### Brief:
Leave out all images and set down the records exactly as given.

### Stored items:

..........

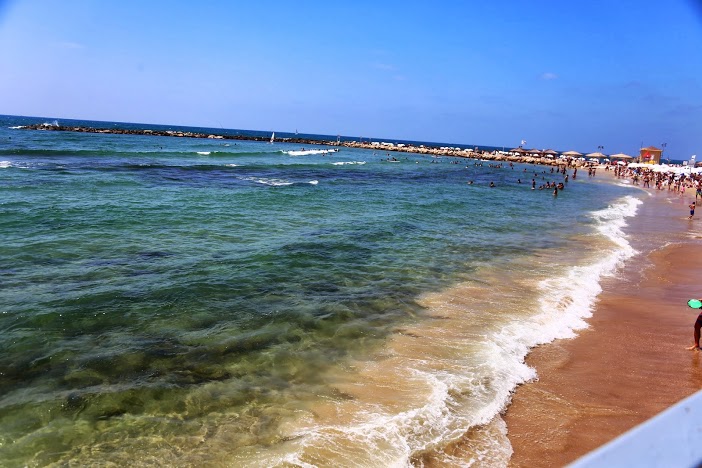 1. Ah oui, il y a du monde, mais tu peux facilement toruver un coin tranquille. Par contre tu vois clairement que les arabes se baignent sur une plage, et les juifs sur une autre, il y a pas trop de mélange (ils se baignent pas dans la même tenue). Et l’eau est un peu crade je trouve 😦
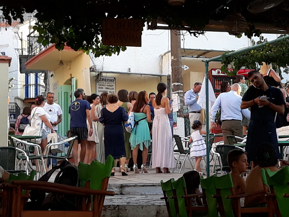 There was a wedding in the village last night (a couple of photos today of people on their way), and a concert in the square for the Symi Festival. We said goodbye to some friends who were leaving after a seven-week stay on Symi and then stopped for one or two more in the square. I managed to get some writing done on Saturday morning, another two draft chapters for ‘The Eastling’ which is nearing the end of draft one. I am still hoping to have the book ready in time for Christmas, but there’s a fair amount of work needed on draft two and beyond to bring it up to scratch.
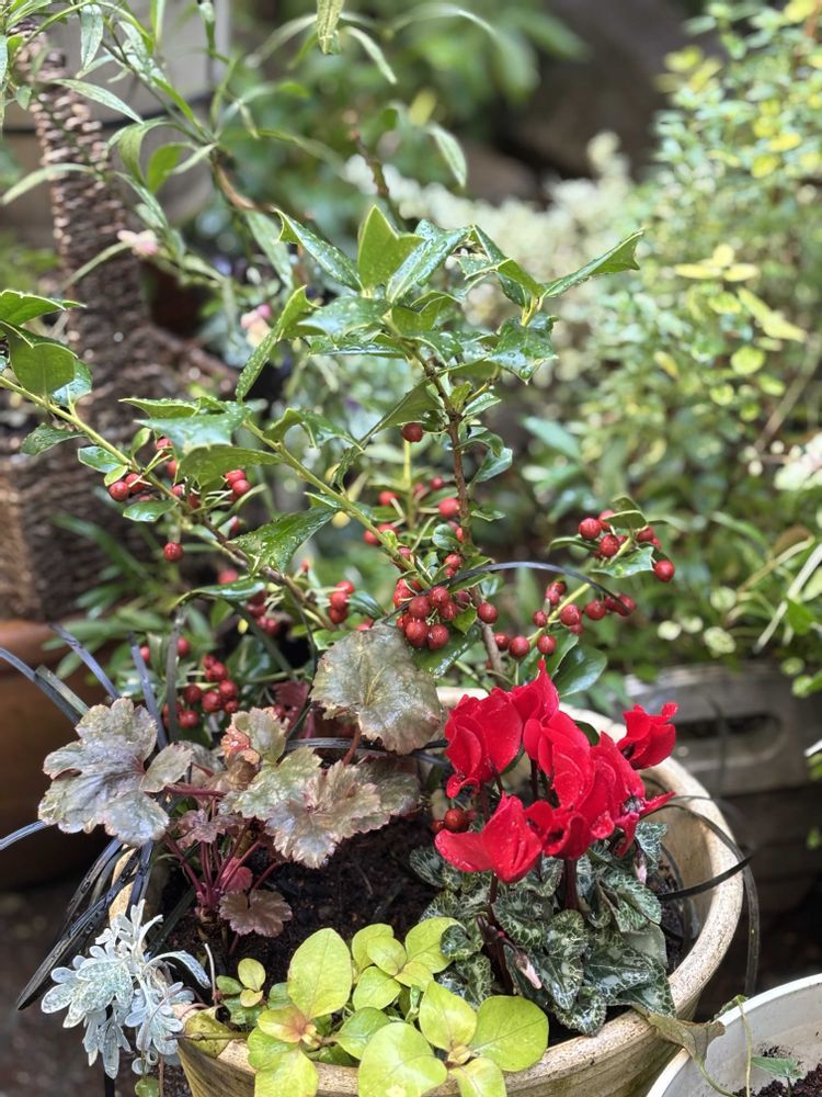 クリスマスからお正月にシフトしていける様な寄せ植えにしてるけどクリスマスホーリーはクリスマスだよね🎅
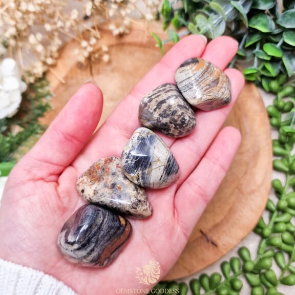 Zilverblad jaspis is een steen van stabiliteit, aarding en innerlijke kracht. Zijn kenmerkende zilvergrijze patronen, vaak verweven met zwarte, bruine of beige tinten, symboliseren de verbondenheid met de aarde en de cyclische beweging van het leven.
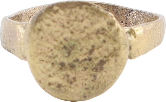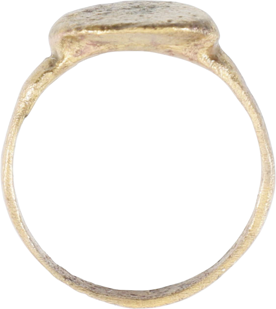 Gilt bronze, size 7 with 2.9mm rounded face band flaring to the shoulders. Oval bezel flat with rounded edges showing remnants of relief decoration, now obscured by wear and degradation from burial. Professionally refurbished with the 24karat gold surface restored. Gift boxed with certificate of authenticity.
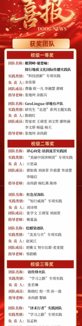 语传烽火队重走鄂豫皖革命根据地,深入挖掘抗战历史,系统学习抗战精神和大别山精神内涵,以红色实践为抓手,制作了党课视频、记录了实践Vlog,展现了鄂豫皖革命根据地的历史背景、重要战役和英雄事迹,发挥了db真人体育官网专业优势,探索了红色文化的国际传播路径,提升了党员用外语讲好中国抗战故事的能力。
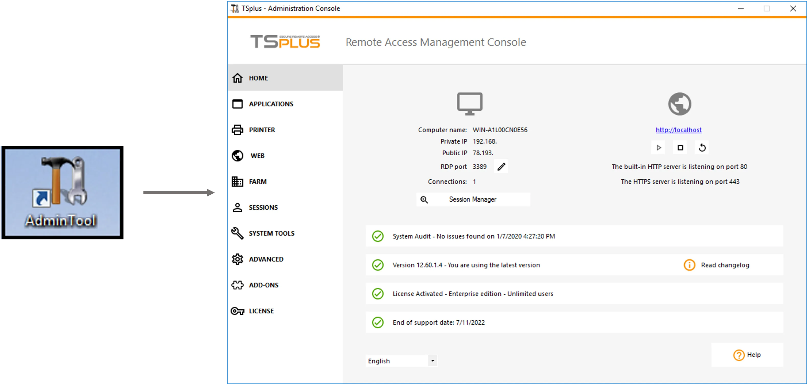 Şimdi temel bir TSplus Uzak Erişim ortamı yapılandırdınız, bu ortamı 15 günlük/5 kullanıcı deneme sürümü ile test etmeye başlayabilirsiniz. Bu ilk test, TSplus Uzak Erişimin sizin için doğru çözüm olduğunu doğrulamanıza olanak tanımalıdır.
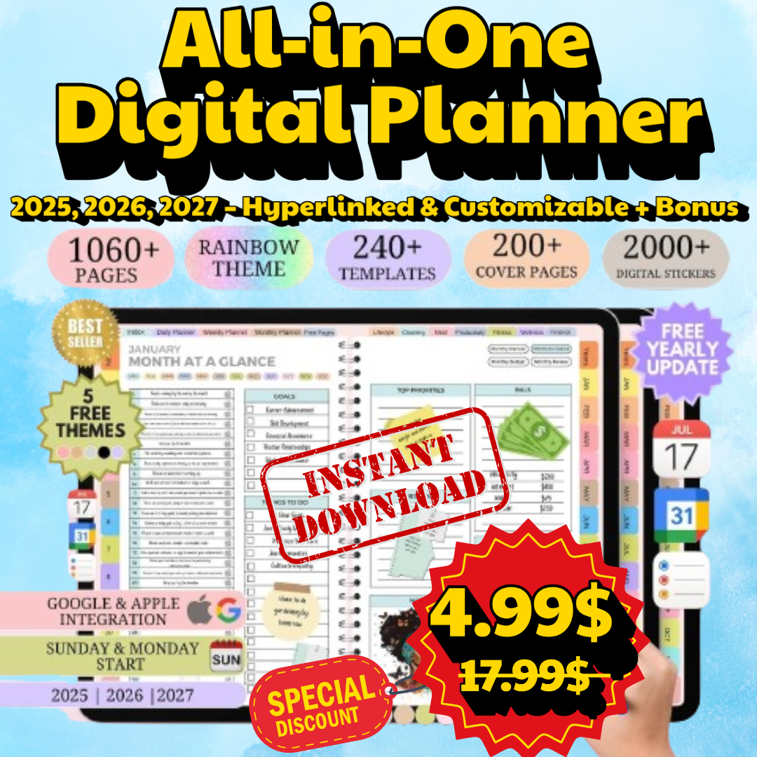 All-in-One Digital Planner 2025, 2026, 2027 – Goodnotes Planner, Apple Google Calendar + Bonus 50+ Templants planners
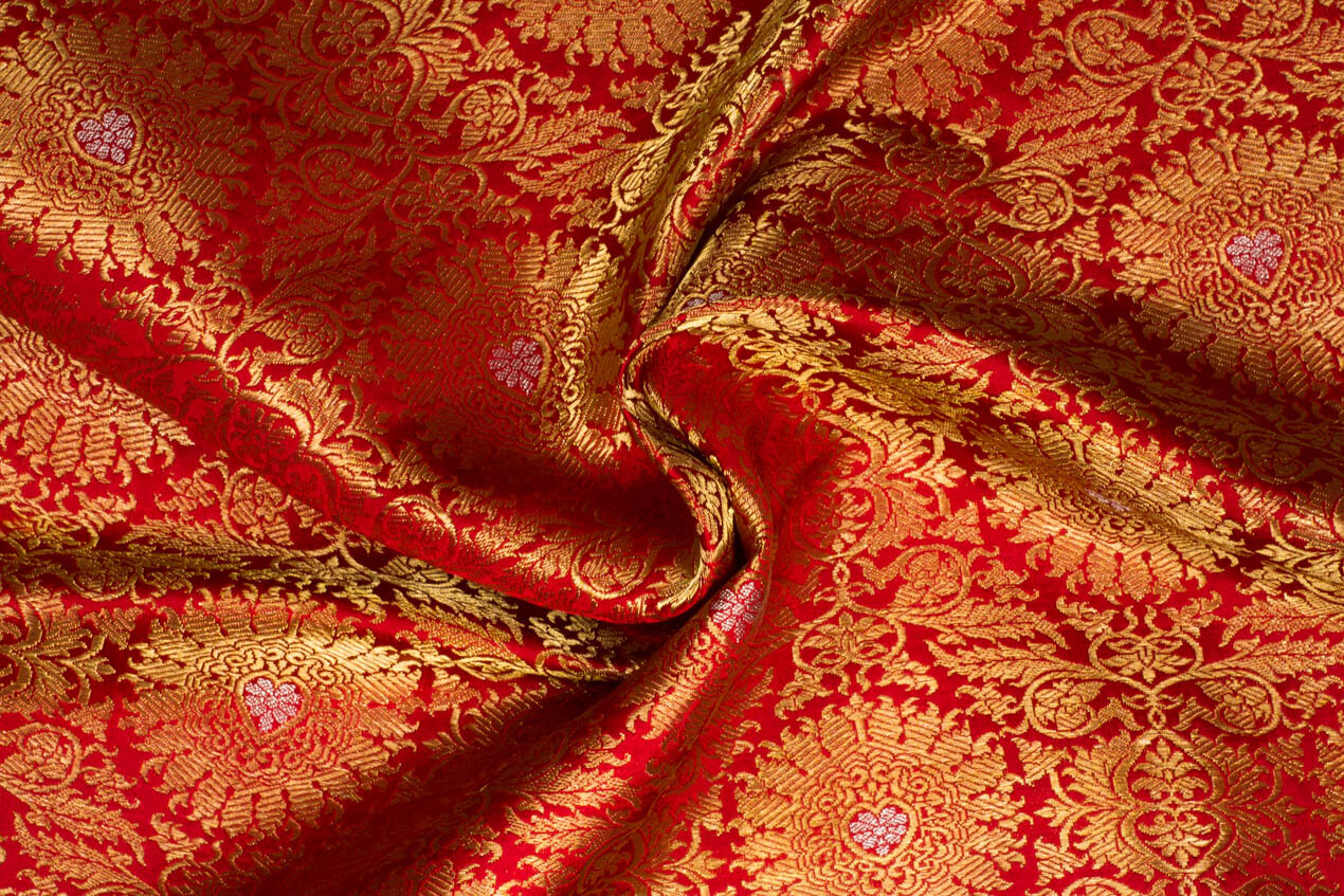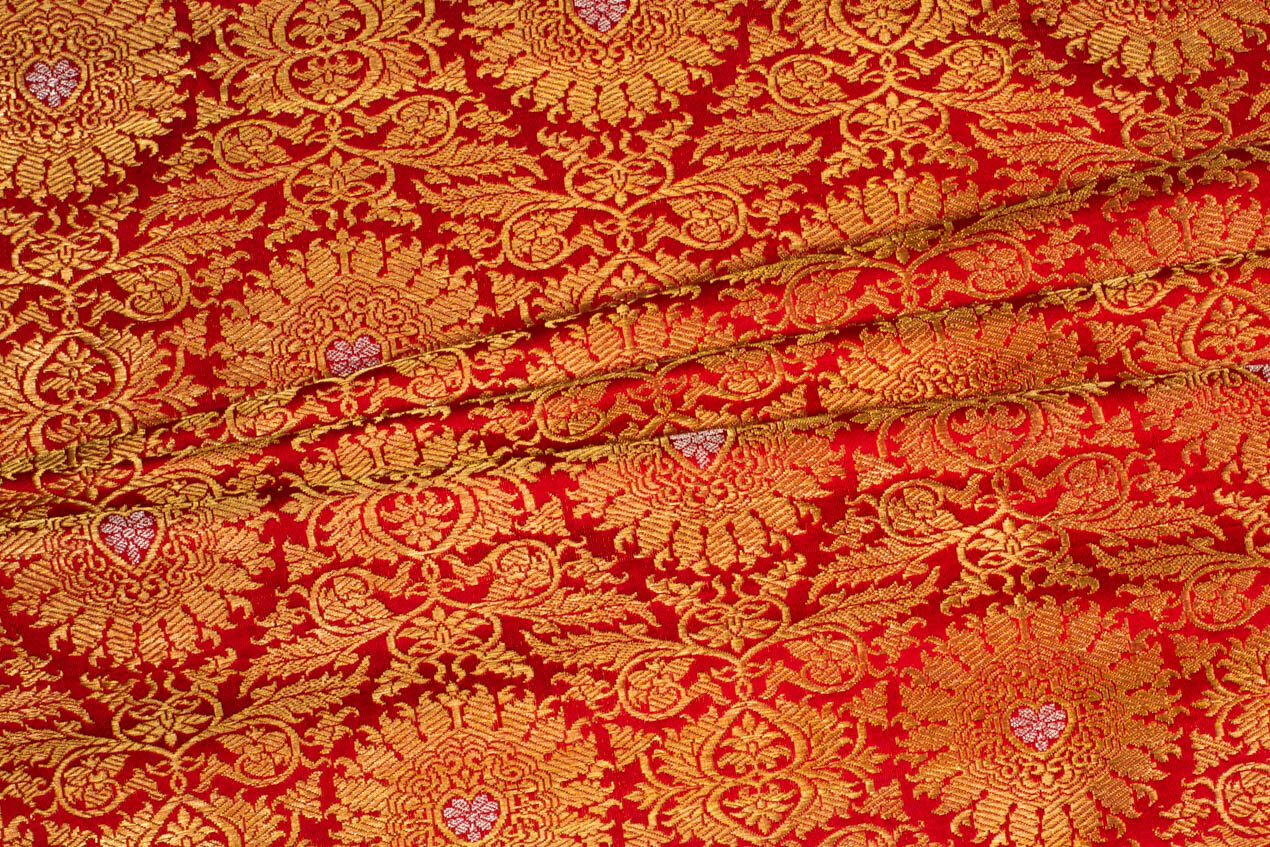 Tato replika historického brokátu je ručně tkaná žakárová látka z čistého hedvábí a skutečných kovových nití pozlacených pravým zlatem. Díky vysoce kvalitním materiálům je brokát nejen pevný, ale také měkký, jemný na dotek a prodyšný. Zlaté nitě nečernají ani neztrácejí svůj lesk.
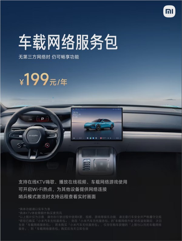 站长之家3月14日 消息:近日,小米汽车正式推出了车载网络服务包,售价为199元/年。用户可以通过小米汽车App轻松选购这一服务,享受更加便捷的车载网络体验。
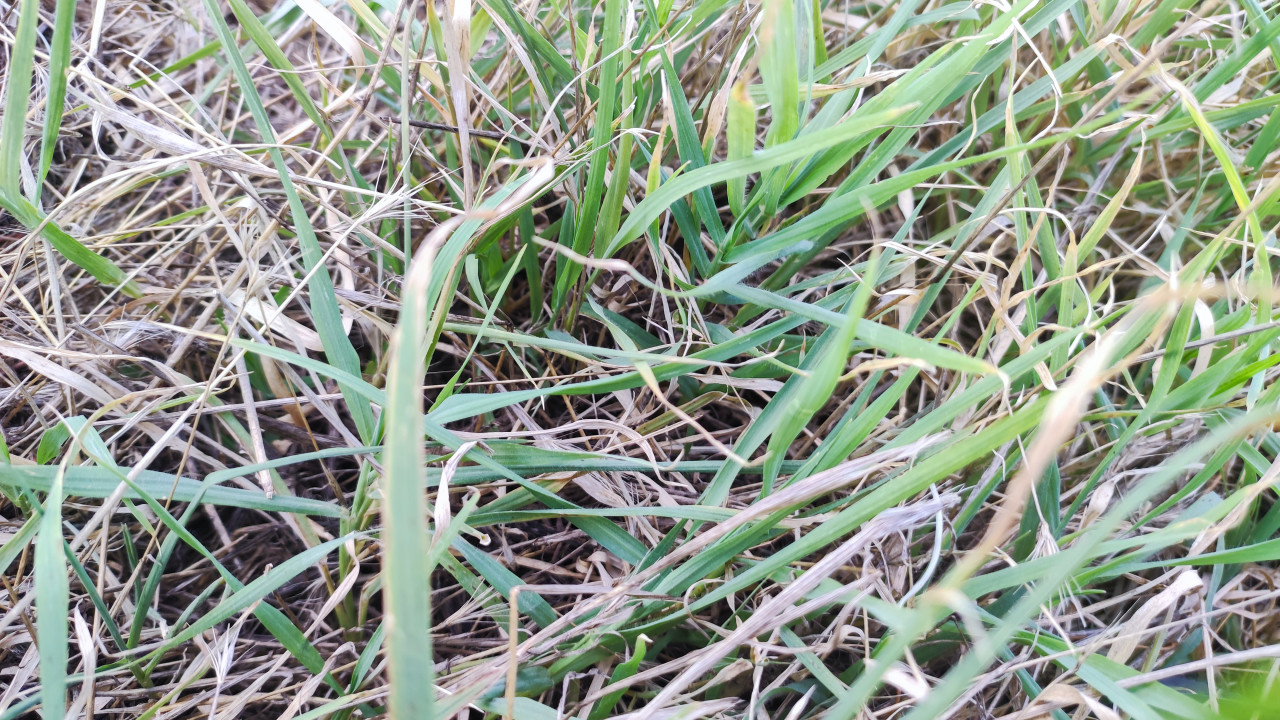 Крупный план травяного покрова: среди сухих бежевых стеблей заметно много свежих зелёных листьев злаков, часть травинок перекрывает друг друга и образует хаотичный рисунок. В кадре есть полегшая сухая трава, тонкие колоски и тёмные просветы почвы между растениями, глубина резкости небольшая. Снимок сделан на улице при естественном свете, без дополнительных объектов, поэтому его удобно использовать как фон. Фото подходит для тем о луговой растительности, сезонных переходах, контрасте свежей и сухой травы, а также для дизайнерских текстур.
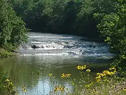 Greenville Creek is a 44.4-mile-long (71.5 km)[4] tributary of the Stillwater River in southwestern Ohio in the United States. Via the Stillwater River, the Great Miami River, and the Ohio River, its water flows to the Mississippi River and ultimately the Gulf of Mexico. The creek starts in extreme eastern Indiana in Randolph County. It soon flows into Darke County, Ohio, and joins with a tributary that also starts in Indiana, Dismal Creek. It flows through Greenville and Gettysburg before entering Miami County. Near its confluence with the Stillwater River at Covington it drops 20 feet (6.1 m) at Greenville Falls in a glacially-cut gorge that is a state nature preserve.[5]
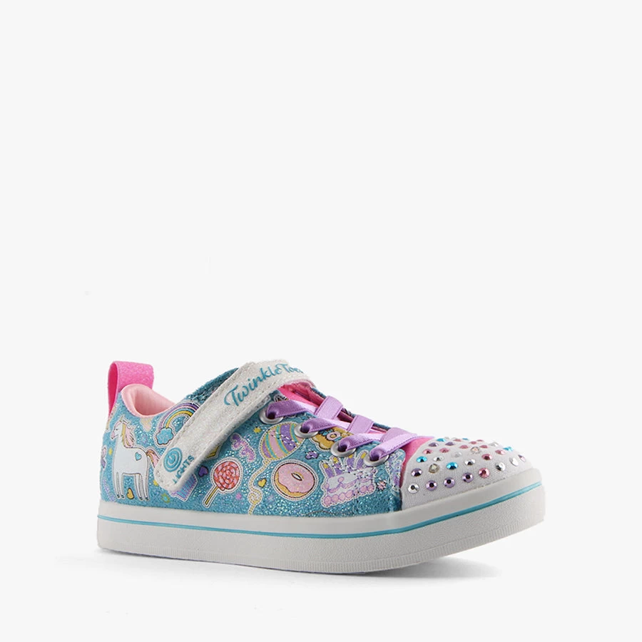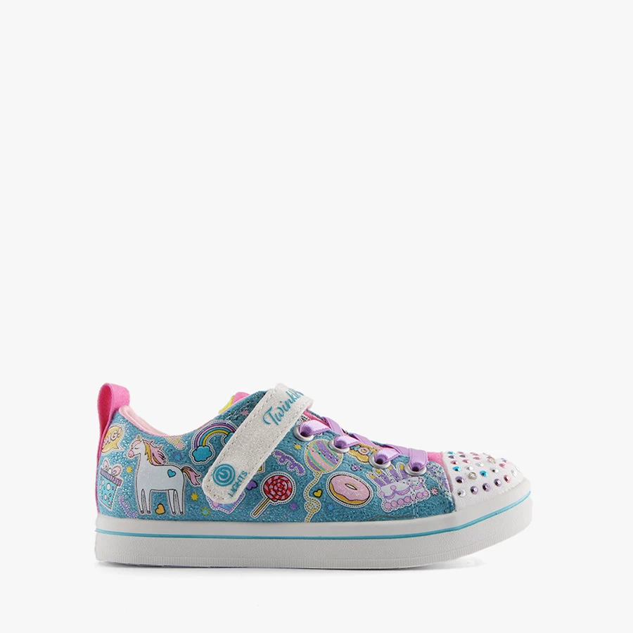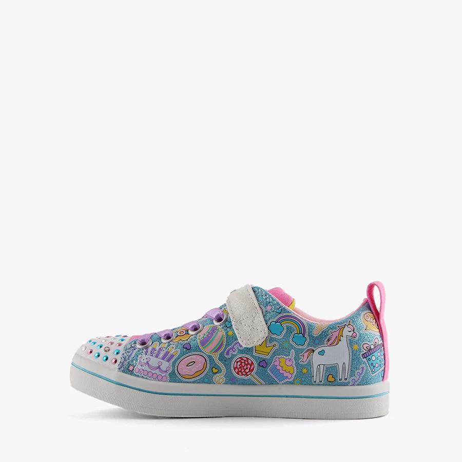SR-Unicorn Party by Skechers is a kids shoe that features a bungee elastic lace, velcro strap closure and light up sparkles on the toe.

..........

### Task result:
 1. Ah oui, il y a du monde, mais tu peux facilement toruver un coin tranquille. Par contre tu vois clairement que les arabes se baignent sur une plage, et les juifs sur une autre, il y a pas trop de mélange (ils se baignent pas dans la même tenue). Et l’eau est un peu crade je trouve 😦
 There was a wedding in the village last night (a couple of photos today of people on their way), and a concert in the square for the Symi Festival. We said goodbye to some friends who were leaving after a seven-week stay on Symi and then stopped for one or two more in the square. I managed to get some writing done on Saturday morning, another two draft chapters for ‘The Eastling’ which is nearing the end of draft one. I am still hoping to have the book ready in time for Christmas, but there’s a fair amount of work needed on draft two and beyond to bring it up to scratch.
 クリスマスからお正月にシフトしていける様な寄せ植えにしてるけどクリスマスホーリーはクリスマスだよね🎅
 Zilverblad jaspis is een steen van stabiliteit, aarding en innerlijke kracht. Zijn kenmerkende zilvergrijze patronen, vaak verweven met zwarte, bruine of beige tinten, symboliseren de verbondenheid met de aarde en de cyclische beweging van het leven.
 Gilt bronze, size 7 with 2.9mm rounded face band flaring to the shoulders. Oval bezel flat with rounded edges showing remnants of relief decoration, now obscured by wear and degradation from burial. Professionally refurbished with the 24karat gold surface restored. Gift boxed with certificate of authenticity.
 语传烽火队重走鄂豫皖革命根据地,深入挖掘抗战历史,系统学习抗战精神和大别山精神内涵,以红色实践为抓手,制作了党课视频、记录了实践Vlog,展现了鄂豫皖革命根据地的历史背景、重要战役和英雄事迹,发挥了db真人体育官网专业优势,探索了红色文化的国际传播路径,提升了党员用外语讲好中国抗战故事的能力。
 Şimdi temel bir TSplus Uzak Erişim ortamı yapılandırdınız, bu ortamı 15 günlük/5 kullanıcı deneme sürümü ile test etmeye başlayabilirsiniz. Bu ilk test, TSplus Uzak Erişimin sizin için doğru çözüm olduğunu doğrulamanıza olanak tanımalıdır.
 All-in-One Digital Planner 2025, 2026, 2027 – Goodnotes Planner, Apple Google Calendar + Bonus 50+ Templants planners
 Tato replika historického brokátu je ručně tkaná žakárová látka z čistého hedvábí a skutečných kovových nití pozlacených pravým zlatem. Díky vysoce kvalitním materiálům je brokát nejen pevný, ale také měkký, jemný na dotek a prodyšný. Zlaté nitě nečernají ani neztrácejí svůj lesk.
 站长之家3月14日 消息:近日,小米汽车正式推出了车载网络服务包,售价为199元/年。用户可以通过小米汽车App轻松选购这一服务,享受更加便捷的车载网络体验。
 Крупный план травяного покрова: среди сухих бежевых стеблей заметно много свежих зелёных листьев злаков, часть травинок перекрывает друг друга и образует хаотичный рисунок. В кадре есть полегшая сухая трава, тонкие колоски и тёмные просветы почвы между растениями, глубина резкости небольшая. Снимок сделан на улице при естественном свете, без дополнительных объектов, поэтому его удобно использовать как фон. Фото подходит для тем о луговой растительности, сезонных переходах, контрасте свежей и сухой травы, а также для дизайнерских текстур.
 Greenville Creek is a 44.4-mile-long (71.5 km)[4] tributary of the Stillwater River in southwestern Ohio in the United States. Via the Stillwater River, the Great Miami River, and the Ohio River, its water flows to the Mississippi River and ultimately the Gulf of Mexico. The creek starts in extreme eastern Indiana in Randolph County. It soon flows into Darke County, Ohio, and joins with a tributary that also starts in Indiana, Dismal Creek. It flows through Greenville and Gettysburg before entering Miami County. Near its confluence with the Stillwater River at Covington it drops 20 feet (6.1 m) at Greenville Falls in a glacially-cut gorge that is a state nature preserve.[5]
SR-Unicorn Party by Skechers is a kids shoe that features a bungee elastic lace, velcro strap closure and light up sparkles on the toe.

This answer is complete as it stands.